이 과정에서 매개변수를 다양하게 바꾸어가며 Gaussian process 에서 나오는 임의의 함수들을 샘플링합니다.
각 커널 함수가 샘플 함수의 행태에 미치는 영향을 시각적으로 보여주고, 이에 대해 논의합니다.

주어진 커널 함수 구현

# 각 커널 함수 정의
def constant_kernel(x1, x2, theta0):
    # Constant kernel: k(x, x') = θ0^2
    return theta0**2 * np.ones((x1.shape[0], x2.shape[0]))

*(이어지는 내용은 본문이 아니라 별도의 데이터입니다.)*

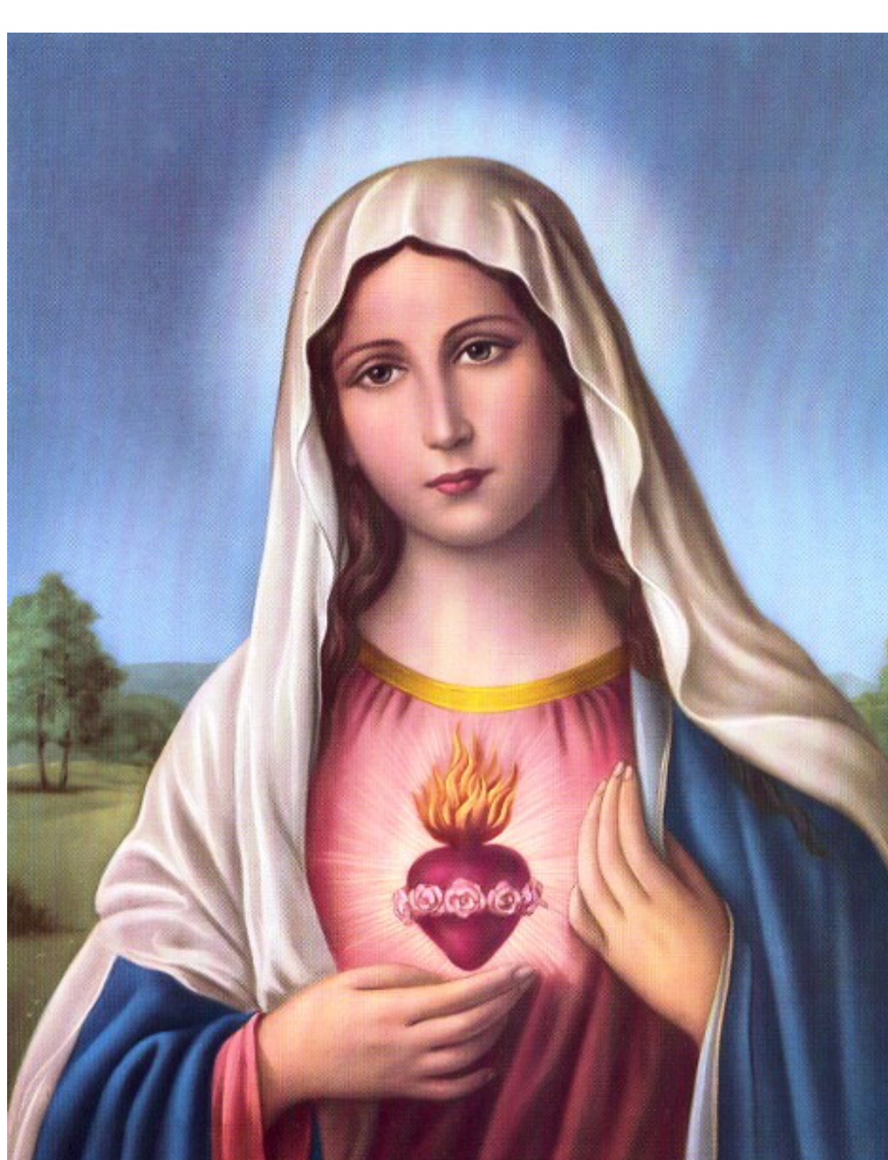
"Cuore Immacolato, difendici!"

Da giugno 2022 è presidente del Defense Innovation Board, un comitato consultivo indipendente che fornisce raccomandazioni su intelligenza artificiale, software, dati e modernizzazione digitale al Dipartimento della Difesa degli Stati Uniti.

def linear_kernel(x1, x2, theta0, theta1):
    # Linear kernel: k(x, x') = θ0^2 + θ1^2 x^T x'
    linear_part = theta1**2 * np.dot(x1, x2.T)
    return theta0**2 + linear_part

def rbf_kernel(x1, x2, theta0, theta1, theta2):
    # RBF kernel: k(x, x') = θ0^2 + θ1^2 * exp(-||x - x'||^2 / θ2^2)
    dist_sq = np.sum(x1**2, axis=1).reshape(-1, 1) + np.sum(x2**2, axis=1).reshape(1, -1) - 2 * np.dot(x1, x2.T)
    rbf_part = theta1**2 * np.exp(-1.0  * dist_sq / theta2**2)
    return theta0**2 + rbf_part

시각화 함수 구현

# 시각화 함수 정의
def plot_gaussian_process_samples(kernel_func, theta_params, kernel_name, x_query, N_sample=5):
    plt.figure(figsize=(10, 6))
    for theta_set in theta_params:
        # 커널 행렬 계산
        if kernel_name == "Constant":
            K = kernel_func(x_query[:, np.newaxis], x_query[:, np.newaxis], theta_set[0])
        elif kernel_name == "Linear":
            K = kernel_func(x_query[:, np.newaxis], x_query[:, np.newaxis], theta_set[0], theta_set[1])
        elif kernel_name == "RBF":
            K = kernel_func(x_query[:, np.newaxis], x_query[:, np.newaxis], theta_set[0], theta_set[1], theta_set[2])
		
        # 평균 함수 및 샘플 함수 생성
        mean_ftn = np.zeros(len(x_query))
        y_sample = np.random.multivariate_normal(mean_ftn, K, N_sample)

        # 샘플 함수 시각화
        for i in range(N_sample):
            plt.plot(x_query, y_sample[i]) # , label=f"Theta: {theta_set}")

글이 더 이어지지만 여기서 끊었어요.